For more information on ecocomDP, see the GitHub repo here: https://github.com/EDIorg/ecocomDP.

In this tutorial, we will learn how to find and access ecological community datasets provided by the National Ecological Observatory Network (NEON) and the Environmental Data Initiative (EDI).

Find, download, and explore aquatic macroinvertebrate data from lakes

In this tutorial we will look at benthic macroinvertebrate counts from lakes across NEON and at the North Temperate Lakes (NTL) LTER site.

Load the required packages:

library(neonUtilities)
library(readr)
library(dplyr)
library(ggplot2)
library(ecocomDP)

Next, search the ecocomDP catalog for datasets that include the term “invertebrate”. If you explore the summary table, you will see benthic macroinvertebrate community data exist for NEON sites and the North Temperate Lakes (NTL) LTER site.

# search for invertebrate data packages
search_result <- search_data(text = "invertebrate")
print(search_result)

# We will work with the following two ecocomDP datasets:
# NEON aquatic macroinvertebrates package id is "neon.ecocomdp.20120.001.001"   
# LTER NTL benthic macroinvertebrates package id is "edi.290.2"

Let’s take a look at the NEON site list to identify which NEON sites are lakes.

# download NEON site list
neon_sites <- read_csv("https://www.neonscience.org/sites/default/files/NEON_Field_Site_Metadata_20230309.csv")

# let's get a list of NEON sites that are lakes
neon_lakes <- neon_sites %>% 
  filter(field_site_subtype == "Lake") %>%
  select(field_site_id) %>% 
  unlist(use.names = FALSE)

Next, download the two datasets. Note that each data package is downloaded as a list of tables. Please see the ecocomDP github page for more information about the data model.

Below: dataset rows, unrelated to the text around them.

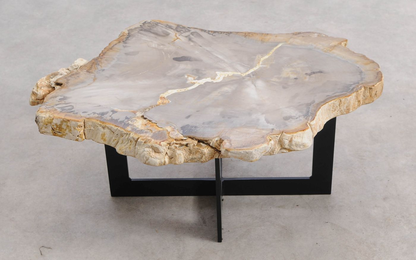 Deze unieke salontafel van versteend hout past in ieder interieur. Het tafelblad is gezaagd uit een grote versteende boom, die ongeveer 20 miljoen jaar geleden geleefd heeft. De kleuren zijn bepaald door de mineralen die het hout van deze boom vervangen hebben.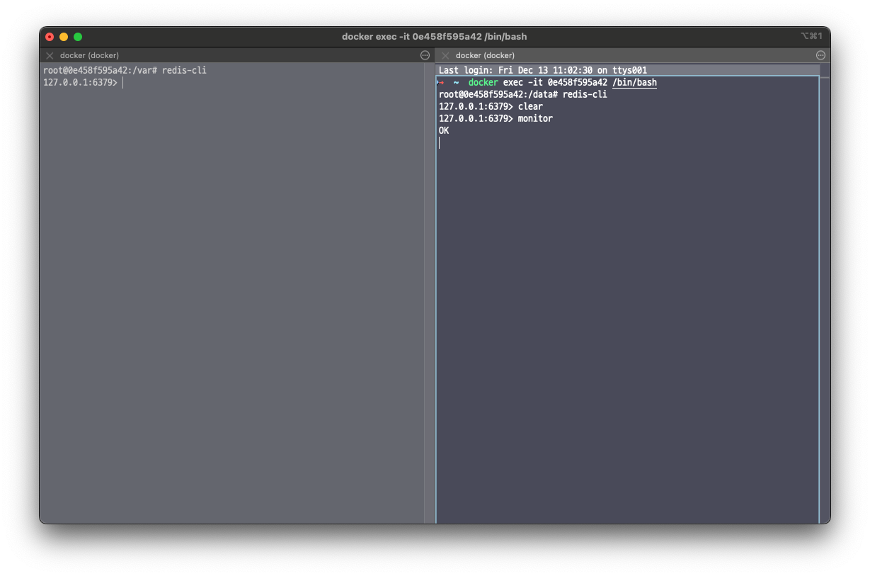 자, 이제 일단 위 과정을 통해서 두 개의 redis-cli를 띄어놓자. 그 후 하나의 redis-cli에서 monitor 명령어를 입력한다.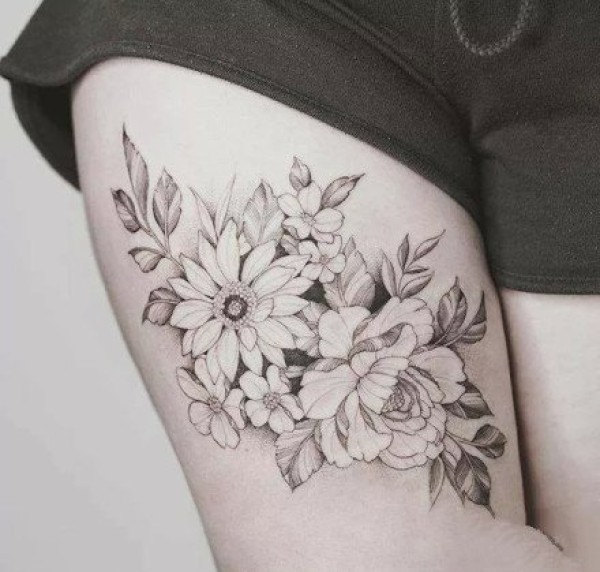 腿部纹身女 9组女性大腿侧部性感纹身作品图
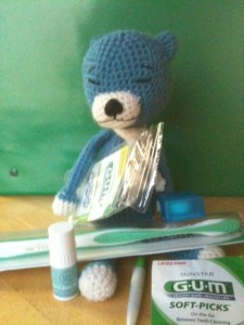 Blue Cat decided on the soft-picks – they fit his mouth and are the best to get at those hard-to-reach cake crumbs. But he’s keeping the brush in case he’s ever attacked by a set of wind-up chattering teeth.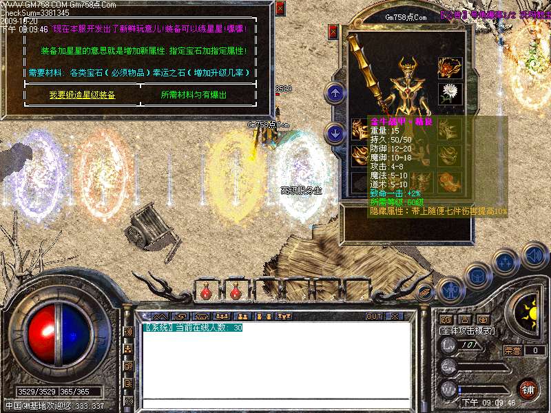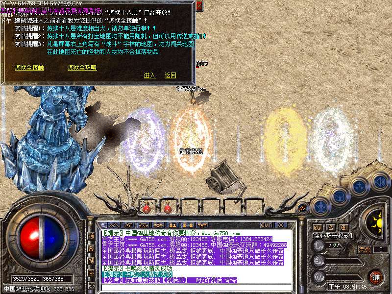 GM去搜服---1.85内挂2009年9月最新版本,本服在1.85的基础上添加了新地图【幽灵船-蚂蚁洞-安其拉】等新地图金牛装备元素灵魂系统!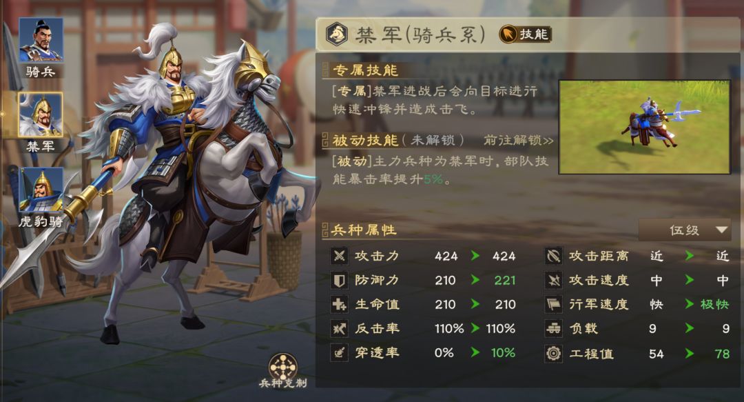 兵种:禁军(击飞、提升技能暴击)/虎豹骑(延长控制时间)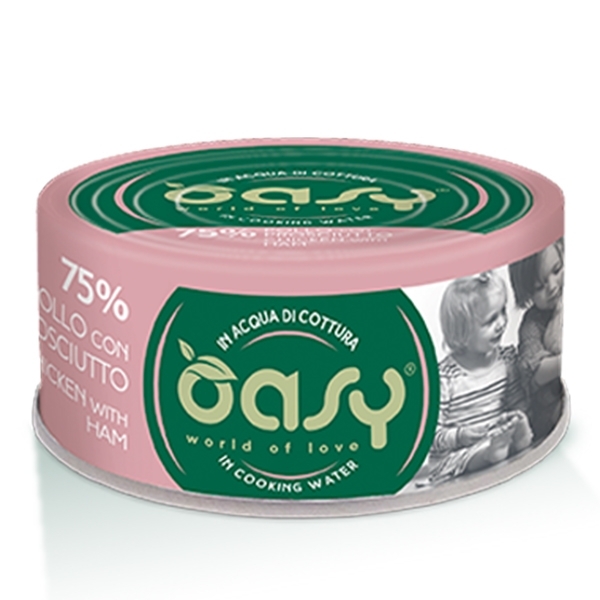 OASY WET CAT MORE LOVE POLLO CON PROSCIUTTO DI POLLO IN ACQUA DI COTTURA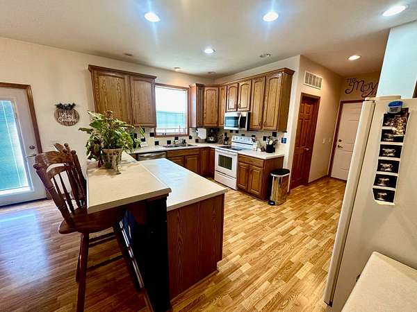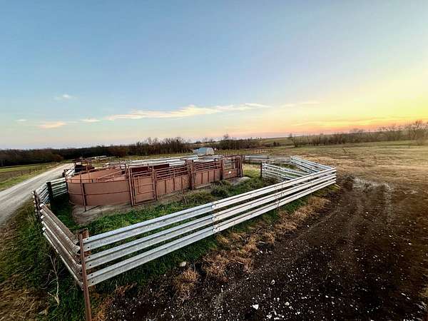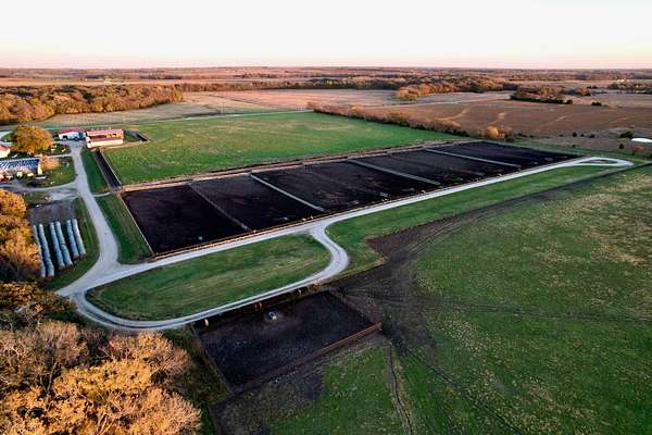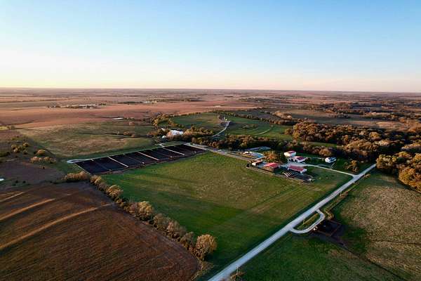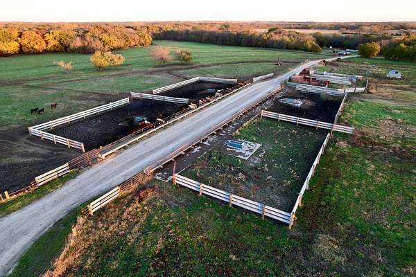 On behalf of the late Jaret Moyer family, we proudly presents 678-acres of premium Lyon County land to the public via Hybrid Auction. Located north of Emporia, this land will be offered in multiple parcels and will be attractive to multiple Buyer classes including ag producers, investors, hunters, and those looking for a beautiful home in the country or a location to build. Land is all located within a 2-mile radius and will sell in 8 tracts featuring individual parcels and combinations thereof. Tract 1 totals 160 +/- acres and is a beautiful Headquarter unit with a nice 5 bed, 3.5 bath home, multiple nice outbuildings including a large heated shop, fancy state of the art cattle processing facility, commodity shed, hay shed, extremely well designed and built cattle backgrounding lot with 800hd (700lb or less) capacity, and five additional grass traps each having 100' of adjoining concrete bunks with pens. Tract 2 totals 160+/- acres with paved road access, high quality native grass pasture/meadow with productive class II and III soils, and adjoining utilities. Tract 3 is the combination of tracts 1 and 2 and totals 320 +/-. Tract 4 totals 80 +/- acres and features productive tillable type soils, heavy timber and creek with excellent deer and turkey hunting, pens/concrete bunks, and adjoining utilities. Tract 5 totals 96 +/- acres and features a nice large pinwheel shaped cattle backgrounding lot with 1350' of concrete bunk, pipe and guardrail pens, a nice loadout, and native grass meadow. Tract 6 totals 54 +/- acres and features native grass meadow along with adjoining utilities for those looking to build on an affordable sized acreage in the country. Tract 7 is the combination of tracts 5 and 6 and totals 150 +/- acres. Tract 8 totals 128 +/- acres with cattle feeding pens and loadout, both native and cool season grasses, and 1/2 mile of creek with good deer and turkey hunting. The auction will be held on January 14th, 2026 at 6:30pm at Champions Landing in Emporia, KS (1801 Rural Street). Tract 1 encompasses 160 +/- acres and is one of the most well-built and cared-for cattle headquarter units you are going to find anywhere. The facility is extremely well designed with no expenses spared in its construction with a vast majority of improvements built since 2004. As you enter the property from the east you will see the beautiful home on the parcel located north of the driveway. This home was constructed in 2004 and is well cared for and in good condition with roughly 3000sf of finished living space. The home is a 1.5-story, 5-bed, 3.5-bath design home with finished basement and attached 2-car garage. As you move west from the home you reach the large 3200sf steel-framed heated and insulated shop with full concrete floor, large concrete approach, two large overhead doors, and oil changing pit. Additional sheds in excellent condition on the property include a 4800sf steel framed hay shed, 1584sf concrete and steel framed 4-bay commodity shed, and 4800sf state of the art processing facility. Two additional older sheds are located on the property that feature over 6500sf of space for equipment and supply storage. The processing facility on the property is extremely well designed and features an extensive set of adjoining pipe and guardrail sorting/holding pens along with four horse runs with automatic waterers connected to horse stalls on the inside of the building. The processing building is steel framed with full concrete floor, water, extremely nice interior pens, a double hydraulic alley, Silencer chute with scales, semi and trailer loadouts, good lighting, heaters by chute, and finished space that includes a heated and cooled office, tack room, and additional room for Silencer motor. Improvements on this property are very thoughtfully designed and are in great condition. As you head west from the improvement site on the property you pass by three silage pits on the right si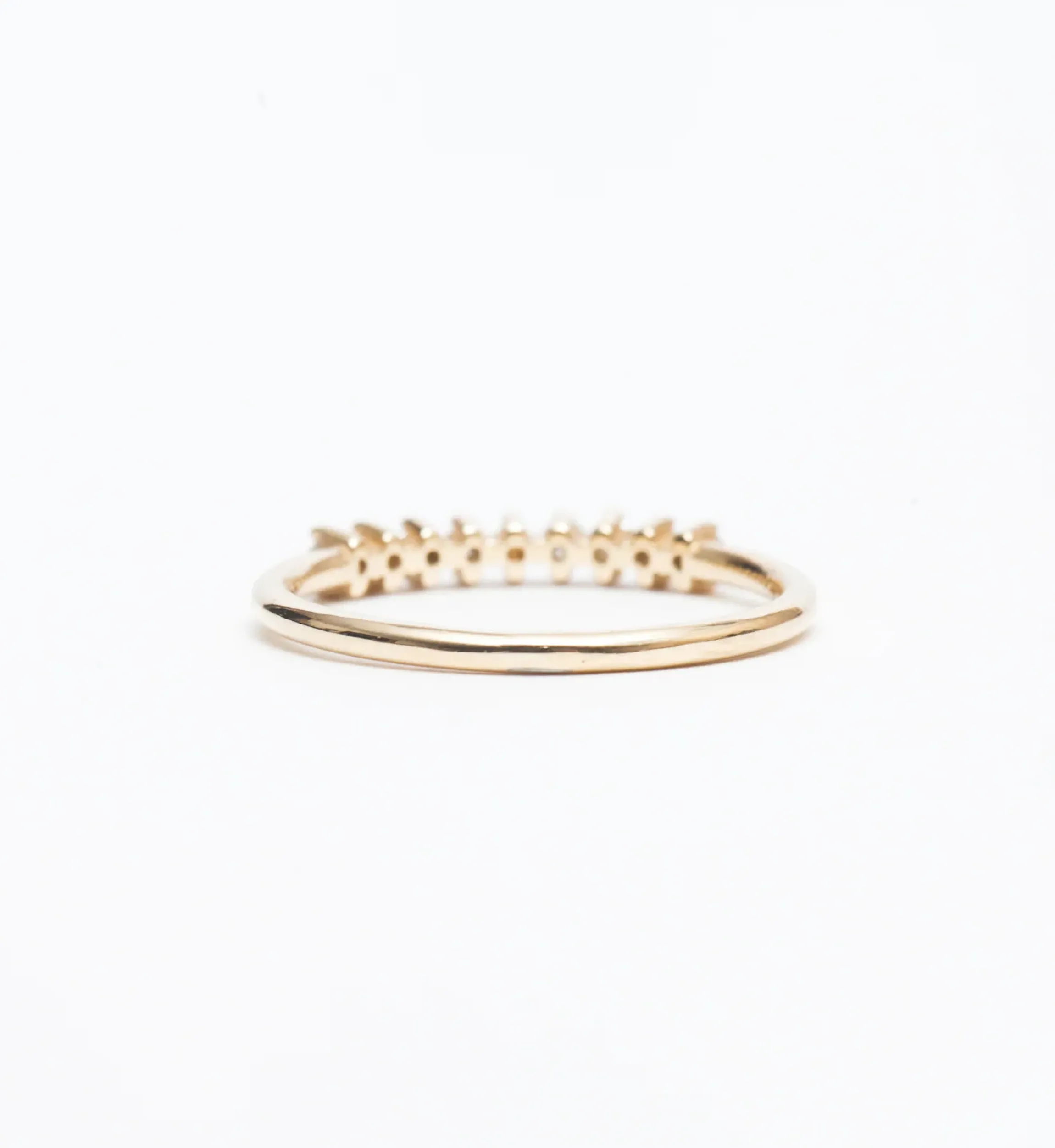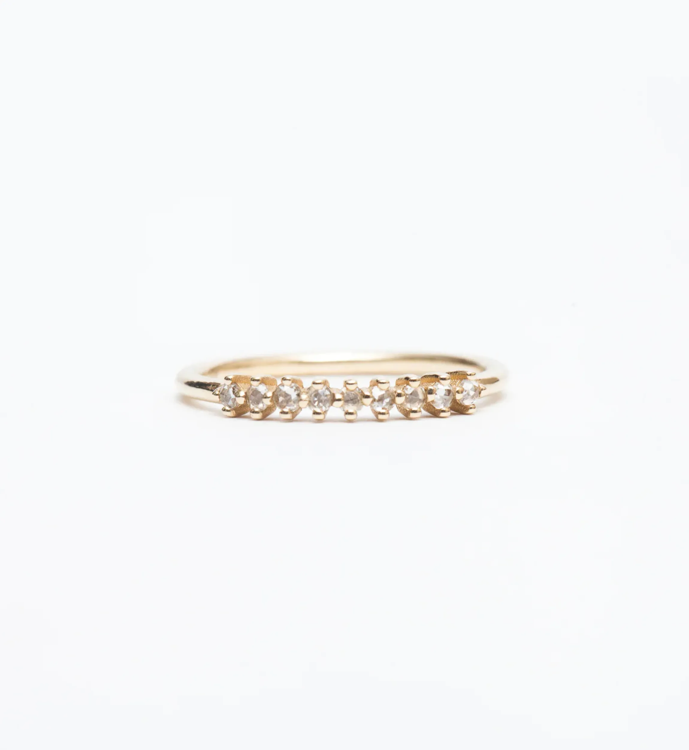 Everything old is made new with this almost half-eternity band of softly shimmering rose-cut diamonds. A row of compass-style, share-prongs makes for an almost seamless setting with tiny beads of gold between each sparkling stone to create a lacy texture along the finger. Stack it with traditional diamond bands for a mesmerizing mix of shine we know you’ll adore. Made in the U.S.A.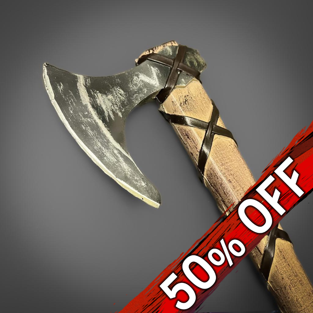 A foam Ragnar axe, perfect for whacking boxes and unsuspecting siblings. Warning: may induce maniacal laughter and family arguments, please ensure all fine China and other fragiles and safely away from the destruction zone before wielding.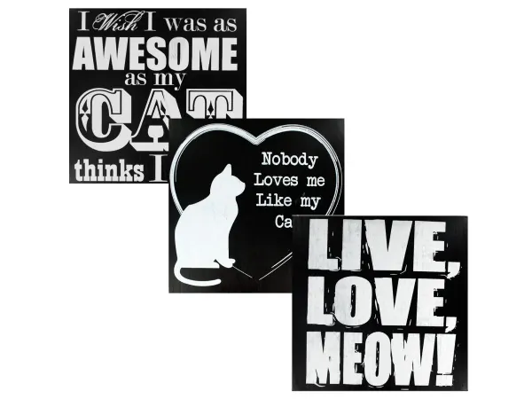 Celebrate the bond between you and your feline friend with our Chic Black & White Cat Love Wooden Wall Art. This stylish decor piece features a charming and playful saying that is printed in white on a sleek black wood square, making it a perfect addition to any cat lover's home.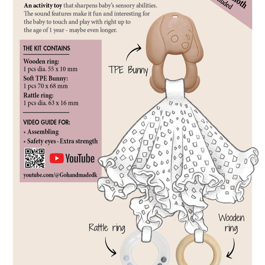 With the sensory kit from Go handmade, you get various accessories that you need to crochet a lovely and soft cuddle cloth. The crocheted cloth is mounted on a soft TPE rabbit figure, and at the bottom, there is also a wooden ring and a rattle ring. Both the figure and the rings are fun to play with, as there is both something soft and something hard to touch, just as one of the rings can rattle (NOTE: Remember that the yarn for the project must be purchased separately).

# download NEON macroinvert data from lakes
neon_data_list <- read_data(
  id = "neon.ecocomdp.20120.001.001",
  site = neon_lakes, # NEON sites
  check.size = FALSE)

# download LTER NTL macroinvert data
ntl_data_list <- read_data(id = "edi.290.2")

The ecocomDP pacakge includes some plotting functions to explore the spatial, temporal, and taxonomic coverage of the datasets. First, take a look at the spatial and temporal coverage of the NEON dataset.

# Explore the spatial and temporal coverage of the NEON dataset
neon_data_list %>% plot_sample_space_time()

Rather than plotting each dataset separately, you can flatten, stack, and then plot the combined data.

# flatten the two datasets
flat_neon <- neon_data_list %>% flatten_data()
flat_ntl <- ntl_data_list %>% flatten_data()


# stack the two datasets
stacked_neon_ntl <- bind_rows(flat_neon, flat_ntl) %>%
  mutate(taxon_rank = tolower(taxon_rank)) # force lower case for all values

# plot spatial and temporal coverage of the two datasets
stacked_neon_ntl %>% plot_sample_space_time()

Next, check the taxonomic resolution reported in the two datasets. These datasets may not be compatible in a synthesis analysis if they aggregate their counts at different taxonomic resolutions - e.g., if one study reports counts for order, and another reports counts for species.

You can plot one dataset at a time:

# Explore the taxonomic resolution in the dataset. 
# What is the most common taxonomic resolution (rank) 
# for macroinvertebrate identifications in this dataset?
neon_data_list %>% plot_taxa_rank()

Or plot the stacked datasets:

stacked_neon_ntl %>% 
  plot_taxa_rank(
    facet_var = "package_id",
    facet_scales = "free_x")

Similar taxonomic resolutions suggests these datasets may be compatible in a synthesis study.

Last update: 2023-11-16